People say that they can’t keep their dog and they’ll throw it out the car window or dump it in the woods but the shelters just say I’m sorry we’re full.
 
We have a lot of people without jobs and homeless people. We have one shelter in a poverty pocket of North Carolina and lower Virginia and these are people who live in caravans and a lot of them don’t even have plumbing but everybody has at least one pit bull tied out on a chain all weather behind the house. We provide free veterinary care. We have done more to help the homeless and their reproduction of animals than all of the other groups in the state; we have four massive mobile clinics which sterilise all pit bulls free of charge and all animals at very low cost. We spend more than a million dollars a year on those free services alone to stop people from turning animals into a shelter.
 
But what we also do is never close our doors. So the other shelters will say call PETA. They want to let us do the dirty work. We take in aged, sick, aggressive dogs.
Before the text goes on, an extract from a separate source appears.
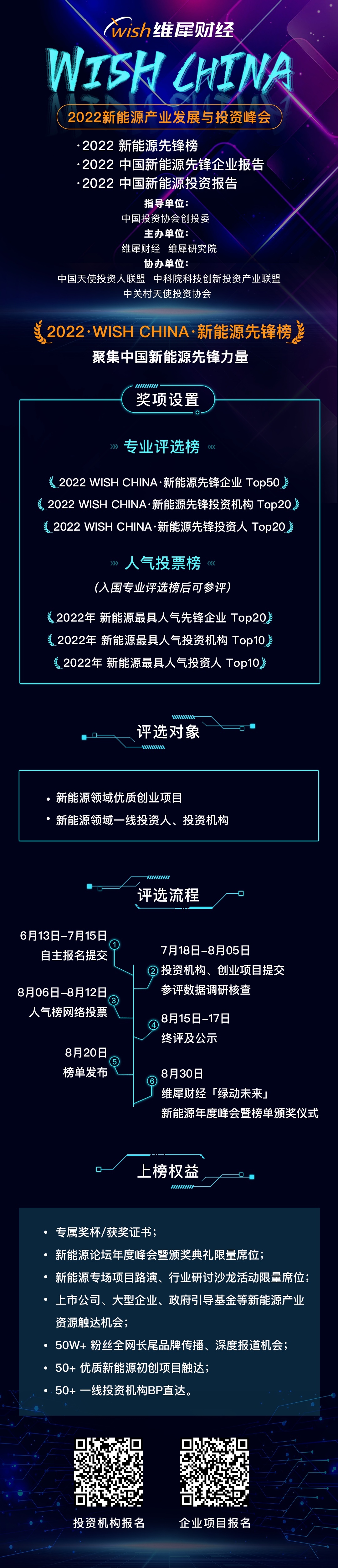 为此,维犀财经旗下「投资人说」、「科创最前线」联合启动新能源专题,挖掘新能源赛道中的先锋项目及投资人,并评选出三大专业榜单,在2022 WISH CHINA 新能源产业发展与投资峰会中,为新能源产业价值创造者、行业推动者加冕。
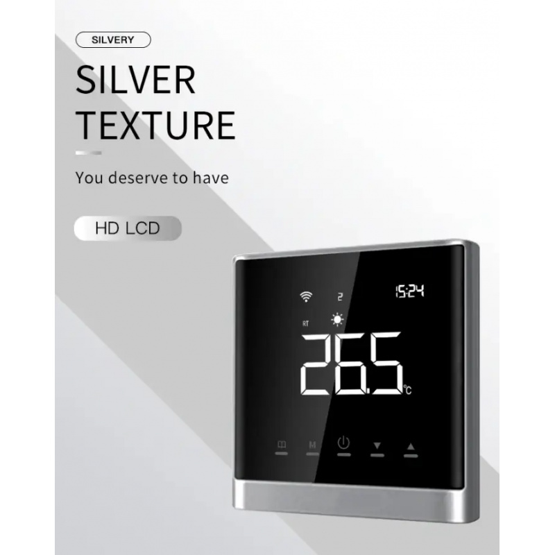 4HEAT терморегулятор теплої підлоги Срібло Сенсорний (4HT.AE668) для водяної або електричної теплої підлоги, + зовнішній датчик для теплої підлоги 3000 мм.

We take in those which are riddled with cancer or have been hit by cars and euthanize them free of charge. The family can be there with them because a lot of people who don’t have jobs can’t find the money for euthanasia. It will cost £80 to put your dog down and we will take a dog in its last days and give it a merciful relief. Everybody is very grateful apart from the no kill people.
 
[Talking about Hurricane Harvey] We heard crying in a garage and our girls went in and there was a kitten on top of an umbrella on a shelf, just clinging in the water. We went through a window and there was a Chihuahua inside an entertainment console box and another one on a floating mattress, chest deep water in pitch dark. These trolls on the internet are saying here come the killers, I bet they are going to kill them now and you think we’re reuniting animals with their companions and turning them into the shelters. Where the hell are you? Just think for a minute, why would you want to stop this work? They would really like to see us close down. And then what? Would you turn your back and walk away when someone has this dog in their arms and nowhere to go and no money? No, you’re not going to do it. You can criticise us all day long but we are the ones who are still going to be there for the animals.
 

 

Will you ever retire?
I hope not. You can’t ever forget, once you’ve seen it. If you decide to go to the beach and drink daiquiris for the rest of your life it’s not as if you can wipe out the images. At least, I can’t image that. I will take a holiday because I think you should take your brain out and swill it in cold water and have new thoughts but I can’t imagine retiring. But I have my will so I can still be active after I’m dead.
 

Any final words?
I think activism is the most important thing on earth. When you’re young you think you’ll live for ever and then you pass over that middle stage and you know you’re on the way out and suddenly you think I’ve got to do as much as I can. If I could do anything again it would be to have that realisation earlier in life. Before my father died he said to me: “You know I’m the same person I ever was, I just look old now.” I now understand what he means.
 
I wish I had seized all of those opportunities to talk to people and not feel embarrassed about broaching a subject. To remember how important it would be if I could educate or influence someone or just take them out for a meal, or cook for them, give them a cruelty-free gift or ask them to go vegan for two weeks for my birthday.I remember being so scared, or feeling shy about approaching someone but you need to develop a way of telling yourself that it’s important what you are doing — much more important than you feeling shy. What is the worst that can happen?